I didn’t really talk about it here on EWC, but I thought ESPN’s outing of Miguel Tejada’s age was outrageous. Classless. Well, at any rate, here’s good story from the Houston Chronicle, mostly concerning the Astros’ Wandy Rodriguez’s road to the majors, talking about how he lied about his age in order to reinvent himself as a pitching prospect after a failed attempt to be signed as an outfielder.
Born Jan. 18, 1979, Wandy Rodriguez persuaded a friend to let him borrow his identity. Cabreja was born Aug. 18, 1981, making him 17 when current Washington Nationals bullpen coach and former Astros minor league pitching coach Ricardo Aponte scouted Rodriguez.
Rodriguez pitched well enough for the Astros to receive a $5,000 signing bonus from scout Julio Linares. By comparison, that year the Astros gave a $725,000 bonus to outfielder Mike Rosamond, their first pick in the supplemental round.
“I gave $500 of that to my uncle and $500 to Coronado,” Rodriguez said.
He took about $300 for himself to buy some clothes and gave his father the rest to buy cattle.
This has me wondering if this ever happens in Asia. What’s to stop an 18-year-old Korean kid from re-enrolling in a baseball school as a freshman? My guess is that it would be a little hard to get by the bureaucrats here.

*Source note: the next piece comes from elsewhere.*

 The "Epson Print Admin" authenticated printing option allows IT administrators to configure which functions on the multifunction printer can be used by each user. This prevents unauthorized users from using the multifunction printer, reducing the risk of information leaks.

Read the rest of the article here.
6 responses so far ↓
1 EW // May 5, 2008 at 6:27 am
Yeah, I thought that thing with Tejada was classless, as well, a tactic befitting Jerry Springer or Michael Moore.
2 Gary Garland // May 5, 2008 at 12:32 pm
What are you guys talking about? Given how statistics prove that players generally begin to go downhill around age 33-34, I would say that the age issue is important to MLB teams in how they will spend tens of millions of dollars and how much fans pay at the ticket booth along with that.

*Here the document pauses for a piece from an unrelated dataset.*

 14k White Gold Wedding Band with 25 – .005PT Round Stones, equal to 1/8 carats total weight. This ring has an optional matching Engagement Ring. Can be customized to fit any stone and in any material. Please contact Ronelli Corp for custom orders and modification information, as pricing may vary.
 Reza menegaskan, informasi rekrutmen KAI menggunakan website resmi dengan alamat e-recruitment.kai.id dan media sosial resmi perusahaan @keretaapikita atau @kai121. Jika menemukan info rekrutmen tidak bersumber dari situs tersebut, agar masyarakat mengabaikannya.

The thing is that while I can intellectually understand why Miguel liked about his age and why he may have used steroids, it is just the facts. If players can’t stand the press and baseball historians checking into every last phase of their lives and what they did while in an MLB uniform then they ought to go sell shoes.
Lying about his age isn’t something that would make fans despise Tejada anyway because of the dire poverty he grew up in. The steroids issue, though, is a different kettle of fish.
In any event, nobody has objected to attempts to find out the true age of Satchel Paige or Julio Franco. So how does Tejada earn special treatment?
Moreover, since Tejada is one of the bigger names caught fibbing about his age, it lends us a further historical understanding of the conditions under which Latin players have come to MLB.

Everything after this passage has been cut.